The problem: Provide again, from the entries below, every line from the one containing "A PUC Minas" through the one containing "ほどよく透けるデザインが軽や", exactly as written, and no other line.

Records provided:
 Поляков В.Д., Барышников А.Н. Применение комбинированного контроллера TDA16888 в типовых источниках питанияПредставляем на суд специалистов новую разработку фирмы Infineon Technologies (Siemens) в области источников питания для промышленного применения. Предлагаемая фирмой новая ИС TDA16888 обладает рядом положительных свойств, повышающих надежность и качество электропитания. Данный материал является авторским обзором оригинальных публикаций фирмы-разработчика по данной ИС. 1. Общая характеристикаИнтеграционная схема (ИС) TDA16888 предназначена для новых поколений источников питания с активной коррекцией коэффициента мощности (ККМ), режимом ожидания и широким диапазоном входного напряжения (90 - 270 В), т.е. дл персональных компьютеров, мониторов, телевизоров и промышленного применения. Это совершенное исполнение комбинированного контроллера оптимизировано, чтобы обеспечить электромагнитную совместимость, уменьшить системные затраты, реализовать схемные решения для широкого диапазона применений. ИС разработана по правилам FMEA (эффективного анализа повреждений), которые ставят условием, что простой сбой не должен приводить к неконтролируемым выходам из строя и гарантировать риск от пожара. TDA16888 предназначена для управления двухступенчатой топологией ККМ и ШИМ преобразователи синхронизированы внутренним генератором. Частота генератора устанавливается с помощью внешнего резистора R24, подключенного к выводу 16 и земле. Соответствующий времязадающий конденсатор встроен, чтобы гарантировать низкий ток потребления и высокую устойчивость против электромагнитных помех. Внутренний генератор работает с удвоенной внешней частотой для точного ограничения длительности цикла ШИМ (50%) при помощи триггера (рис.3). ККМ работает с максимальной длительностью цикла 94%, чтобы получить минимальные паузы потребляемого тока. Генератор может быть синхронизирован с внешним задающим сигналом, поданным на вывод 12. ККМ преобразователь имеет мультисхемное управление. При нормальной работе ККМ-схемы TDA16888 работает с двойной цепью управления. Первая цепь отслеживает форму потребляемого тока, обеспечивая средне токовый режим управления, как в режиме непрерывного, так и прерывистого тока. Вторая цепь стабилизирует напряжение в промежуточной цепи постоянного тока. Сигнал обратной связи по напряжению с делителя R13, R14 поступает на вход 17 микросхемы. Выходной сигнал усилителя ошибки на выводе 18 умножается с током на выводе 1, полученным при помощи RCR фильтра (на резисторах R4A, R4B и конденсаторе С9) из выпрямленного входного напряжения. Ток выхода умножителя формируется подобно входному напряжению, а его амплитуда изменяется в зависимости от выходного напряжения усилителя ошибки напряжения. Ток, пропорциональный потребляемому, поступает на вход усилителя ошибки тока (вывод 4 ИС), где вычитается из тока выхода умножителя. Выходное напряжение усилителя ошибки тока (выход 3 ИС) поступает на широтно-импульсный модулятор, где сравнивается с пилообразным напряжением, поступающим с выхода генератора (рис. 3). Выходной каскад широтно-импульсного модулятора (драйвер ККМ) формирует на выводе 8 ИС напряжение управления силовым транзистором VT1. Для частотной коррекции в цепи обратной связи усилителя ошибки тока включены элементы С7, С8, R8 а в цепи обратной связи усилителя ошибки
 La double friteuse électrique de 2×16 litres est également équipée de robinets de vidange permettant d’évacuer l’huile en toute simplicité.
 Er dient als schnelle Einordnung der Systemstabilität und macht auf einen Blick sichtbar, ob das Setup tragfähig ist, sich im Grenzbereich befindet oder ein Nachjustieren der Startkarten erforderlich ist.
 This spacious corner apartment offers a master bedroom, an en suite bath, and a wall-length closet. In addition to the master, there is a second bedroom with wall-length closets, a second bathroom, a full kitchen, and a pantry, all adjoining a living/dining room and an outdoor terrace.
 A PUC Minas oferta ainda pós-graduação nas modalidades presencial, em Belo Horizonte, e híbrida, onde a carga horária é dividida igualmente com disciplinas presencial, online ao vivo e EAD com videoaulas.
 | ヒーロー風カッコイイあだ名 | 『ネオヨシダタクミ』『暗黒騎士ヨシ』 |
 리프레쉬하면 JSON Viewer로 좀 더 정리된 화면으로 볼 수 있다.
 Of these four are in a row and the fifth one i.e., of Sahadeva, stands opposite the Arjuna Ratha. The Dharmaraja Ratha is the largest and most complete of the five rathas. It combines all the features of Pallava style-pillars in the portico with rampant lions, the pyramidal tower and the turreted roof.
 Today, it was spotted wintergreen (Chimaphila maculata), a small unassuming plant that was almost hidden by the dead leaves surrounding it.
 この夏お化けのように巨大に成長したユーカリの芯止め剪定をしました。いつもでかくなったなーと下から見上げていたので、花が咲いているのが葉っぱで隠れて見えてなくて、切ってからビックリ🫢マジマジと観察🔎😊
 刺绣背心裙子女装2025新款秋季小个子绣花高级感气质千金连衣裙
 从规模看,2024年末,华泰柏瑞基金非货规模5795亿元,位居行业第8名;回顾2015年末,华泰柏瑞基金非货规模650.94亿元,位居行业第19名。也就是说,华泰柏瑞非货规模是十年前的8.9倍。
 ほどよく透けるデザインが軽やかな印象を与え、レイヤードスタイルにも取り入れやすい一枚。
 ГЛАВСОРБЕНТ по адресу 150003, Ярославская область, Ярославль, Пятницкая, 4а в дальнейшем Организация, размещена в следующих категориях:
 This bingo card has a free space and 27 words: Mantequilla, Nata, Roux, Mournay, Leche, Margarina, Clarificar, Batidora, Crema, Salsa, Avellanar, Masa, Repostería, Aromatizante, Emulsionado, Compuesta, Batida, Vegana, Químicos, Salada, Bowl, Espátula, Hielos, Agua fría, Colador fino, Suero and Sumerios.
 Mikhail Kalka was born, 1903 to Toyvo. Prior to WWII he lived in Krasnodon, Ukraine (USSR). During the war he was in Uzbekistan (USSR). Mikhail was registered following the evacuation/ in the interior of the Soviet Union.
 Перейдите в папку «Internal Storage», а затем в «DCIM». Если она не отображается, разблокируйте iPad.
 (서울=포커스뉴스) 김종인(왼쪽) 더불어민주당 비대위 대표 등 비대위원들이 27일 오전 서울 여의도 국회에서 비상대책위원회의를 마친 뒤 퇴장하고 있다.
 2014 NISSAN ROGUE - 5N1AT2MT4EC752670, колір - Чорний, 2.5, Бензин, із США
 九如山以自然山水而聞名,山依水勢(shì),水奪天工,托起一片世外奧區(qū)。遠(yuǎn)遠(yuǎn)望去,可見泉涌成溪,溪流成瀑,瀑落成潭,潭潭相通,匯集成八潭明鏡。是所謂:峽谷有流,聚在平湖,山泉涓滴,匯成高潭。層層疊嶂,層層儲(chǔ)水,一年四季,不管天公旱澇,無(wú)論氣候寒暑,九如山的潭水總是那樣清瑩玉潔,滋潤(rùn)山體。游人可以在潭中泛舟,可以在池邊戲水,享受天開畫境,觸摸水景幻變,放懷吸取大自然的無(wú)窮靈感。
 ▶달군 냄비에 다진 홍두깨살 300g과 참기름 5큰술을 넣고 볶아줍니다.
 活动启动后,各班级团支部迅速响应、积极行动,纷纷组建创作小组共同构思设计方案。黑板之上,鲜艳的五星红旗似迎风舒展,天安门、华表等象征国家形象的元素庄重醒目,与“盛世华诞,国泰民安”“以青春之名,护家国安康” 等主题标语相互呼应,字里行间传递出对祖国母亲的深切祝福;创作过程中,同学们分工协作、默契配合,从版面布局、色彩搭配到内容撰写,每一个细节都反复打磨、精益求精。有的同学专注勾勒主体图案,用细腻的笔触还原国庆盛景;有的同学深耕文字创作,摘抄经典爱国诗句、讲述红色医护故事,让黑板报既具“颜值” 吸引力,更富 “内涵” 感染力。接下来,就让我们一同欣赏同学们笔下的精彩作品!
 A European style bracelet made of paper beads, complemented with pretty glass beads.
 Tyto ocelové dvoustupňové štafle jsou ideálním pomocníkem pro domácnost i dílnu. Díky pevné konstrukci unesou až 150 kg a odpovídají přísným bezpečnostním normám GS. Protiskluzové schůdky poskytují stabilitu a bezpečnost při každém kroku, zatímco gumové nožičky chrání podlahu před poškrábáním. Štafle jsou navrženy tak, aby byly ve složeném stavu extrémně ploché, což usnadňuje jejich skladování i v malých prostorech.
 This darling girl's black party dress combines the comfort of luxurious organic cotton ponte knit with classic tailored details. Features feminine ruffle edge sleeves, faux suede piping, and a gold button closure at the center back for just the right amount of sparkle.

Reply:
 A PUC Minas oferta ainda pós-graduação nas modalidades presencial, em Belo Horizonte, e híbrida, onde a carga horária é dividida igualmente com disciplinas presencial, online ao vivo e EAD com videoaulas.
 | ヒーロー風カッコイイあだ名 | 『ネオヨシダタクミ』『暗黒騎士ヨシ』 |
 리프레쉬하면 JSON Viewer로 좀 더 정리된 화면으로 볼 수 있다.
 Of these four are in a row and the fifth one i.e., of Sahadeva, stands opposite the Arjuna Ratha. The Dharmaraja Ratha is the largest and most complete of the five rathas. It combines all the features of Pallava style-pillars in the portico with rampant lions, the pyramidal tower and the turreted roof.
 Today, it was spotted wintergreen (Chimaphila maculata), a small unassuming plant that was almost hidden by the dead leaves surrounding it.
 この夏お化けのように巨大に成長したユーカリの芯止め剪定をしました。いつもでかくなったなーと下から見上げていたので、花が咲いているのが葉っぱで隠れて見えてなくて、切ってからビックリ🫢マジマジと観察🔎😊
 刺绣背心裙子女装2025新款秋季小个子绣花高级感气质千金连衣裙
 从规模看,2024年末,华泰柏瑞基金非货规模5795亿元,位居行业第8名;回顾2015年末,华泰柏瑞基金非货规模650.94亿元,位居行业第19名。也就是说,华泰柏瑞非货规模是十年前的8.9倍。
 ほどよく透けるデザインが軽やかな印象を与え、レイヤードスタイルにも取り入れやすい一枚。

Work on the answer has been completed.